Let’s not just get hysterical over anything that could change the current car monopoly.

How about stopping all the health campaigns to stop smoking, that is taking money away from the considerable medical resources and hospital beds that need to be paid for, by the more sensible and considerate taxpayers, to cope with the victims of smoking?

Are you working for, or a gullible dupe who buys the same cynical message pumped out by, the same cynical lobbyists working on behalf of the same ruthless damaging industries that create the mess that we all have to pay to try and clean up?

rubaiyat 6:04 pm 22 Jul 15

rommeldog56 said :

Anyone in Canberra who thinks that those $ would actually go to hospitals/health care here is dreaming – much of that $ (or an increase to the GST) will go to the loss making toy tran set network and be squandered on other unnecessary insfrastructure projects – not to Health, etc, where it should because this ACT Gov’ts fiscal proprities are all screwed up.

Car accidents ALONE are responsible for approximately 20% of hospital admissions.

A further 16% of hospital admissions are due to obesity as a result of driving everywhere and avoiding the daily exercise of using public transport.
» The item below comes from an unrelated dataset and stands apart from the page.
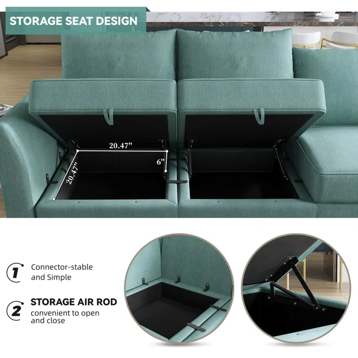 With its soft seat, sleek design, and roomy profile, this sectional sofa couch is like a sanctuary for peaceful relaxation and makes a stylish statement in any modern home. It features a strong frame made of both manufactured and real wood, 100% polyester fabric, and a premium sponge within. Additionally, the cushions may be easily cleaned because they are detachable. Many people can sit comfortably on the roomy chairs. The value of this sofa is reflected not only in its unexpected appearance but also in its large and fluffy sponge and its delicate and skin-friendly polyester fabric. With the ability to easily combine and shift each module's invisible storage space, even a tiny space may accommodate a variety of purposes.

You are claiming that trams, the healthy and safe transport option, will take money away from the victims of cars and freeways?
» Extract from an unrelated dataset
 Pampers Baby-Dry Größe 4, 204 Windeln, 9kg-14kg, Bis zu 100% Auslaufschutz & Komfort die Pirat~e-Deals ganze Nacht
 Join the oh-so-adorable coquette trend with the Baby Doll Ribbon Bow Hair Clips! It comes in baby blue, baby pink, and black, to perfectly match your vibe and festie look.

rommeldog56 11:19 pm 21 Jul 15

dungfungus said :

mcs said :

gooterz said :

Light rail works for flat places, we aren’t flat, Belconnen is a trek that light rail will never make.
We have bridges that arch. The flattest part of Canberra is the other side of the lake.

I’m not for the project in its current form, but suggesting light rail must have flat terrain is stretching the truth. Whilst of course the most efficient operation will be on flat terrain, it certainly can be utilised in places that have quite steep terrain.
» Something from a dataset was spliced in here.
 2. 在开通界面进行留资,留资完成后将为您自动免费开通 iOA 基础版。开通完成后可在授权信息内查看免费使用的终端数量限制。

Perfect example is Prague, in particular on the Castle side of the River, where the terrain is steep to say the least. If a system more then 100 years old can manage to get up hills that are every bit as steep as the climb to Belco, I’m sure it would hardly present a problem with a modern day system.

Mother Nature can stop a modern day tram system anywhere but especially in Prague:
http://www.china.org.cn/world/Off_the_Wire/2014-12/02/content_34211290.htm
I can hear the warmists already screaming “Climate Change”.
Same thing will happen regularly in Canberra.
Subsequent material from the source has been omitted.